● Directions for this task: For this exercise, retype all the data exactly and exclude every image.

Data shown START

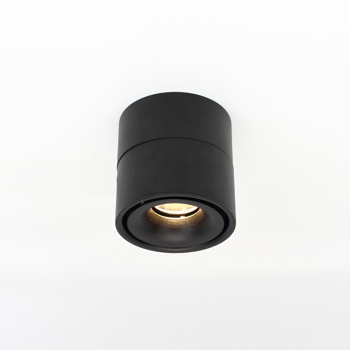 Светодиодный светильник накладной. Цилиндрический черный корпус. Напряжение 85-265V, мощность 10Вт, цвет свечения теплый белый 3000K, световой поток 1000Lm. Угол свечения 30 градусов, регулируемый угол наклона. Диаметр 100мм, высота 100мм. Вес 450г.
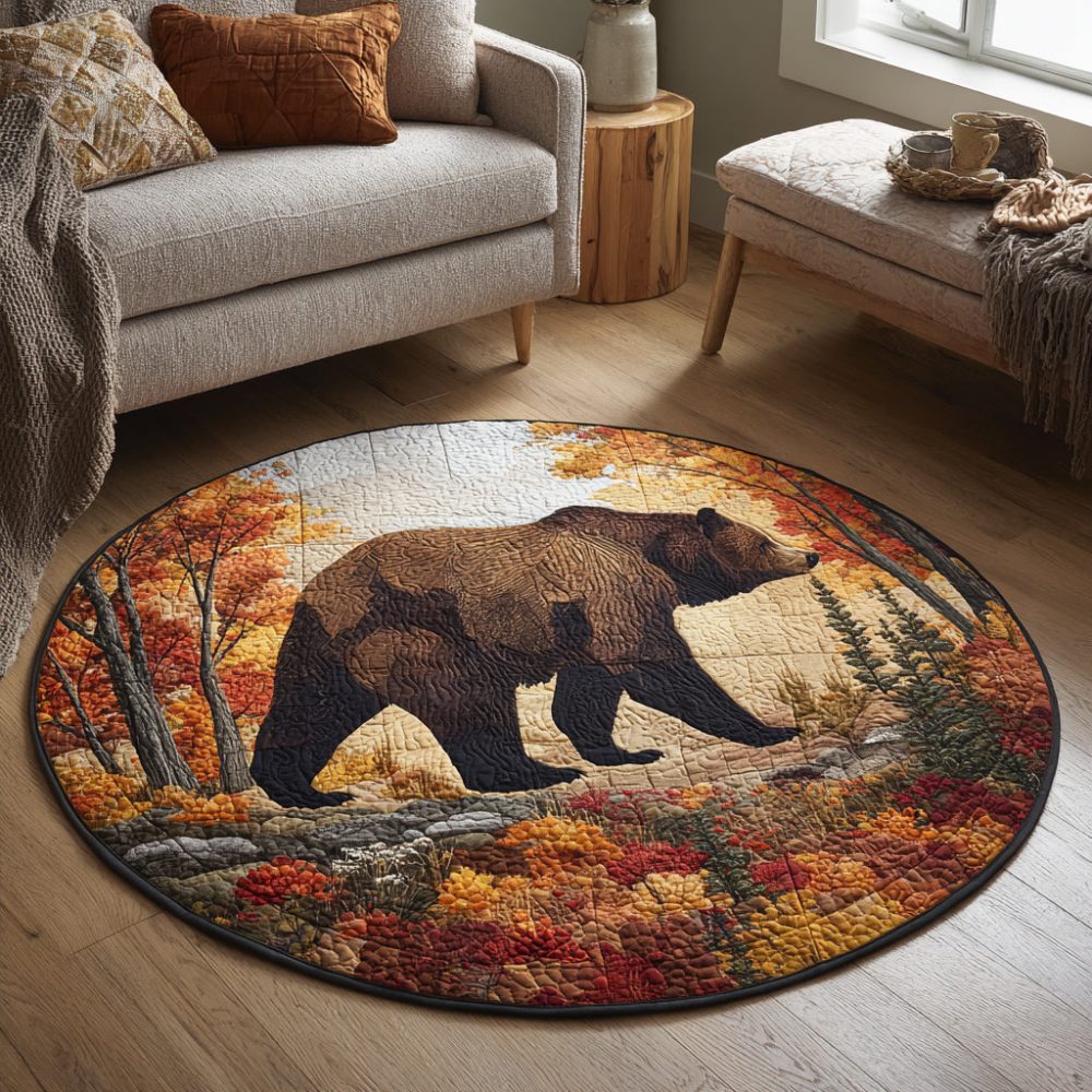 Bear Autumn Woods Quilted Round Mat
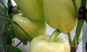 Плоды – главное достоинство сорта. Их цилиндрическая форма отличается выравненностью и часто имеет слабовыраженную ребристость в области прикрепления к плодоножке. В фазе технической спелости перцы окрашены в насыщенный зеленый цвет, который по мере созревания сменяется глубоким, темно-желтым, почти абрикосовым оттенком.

Data shown END

● Answer section:
 Светодиодный светильник накладной. Цилиндрический черный корпус. Напряжение 85-265V, мощность 10Вт, цвет свечения теплый белый 3000K, световой поток 1000Lm. Угол свечения 30 градусов, регулируемый угол наклона. Диаметр 100мм, высота 100мм. Вес 450г.
 Bear Autumn Woods Quilted Round Mat
 Плоды – главное достоинство сорта. Их цилиндрическая форма отличается выравненностью и часто имеет слабовыраженную ребристость в области прикрепления к плодоножке. В фазе технической спелости перцы окрашены в насыщенный зеленый цвет, который по мере созревания сменяется глубоким, темно-желтым, почти абрикосовым оттенком.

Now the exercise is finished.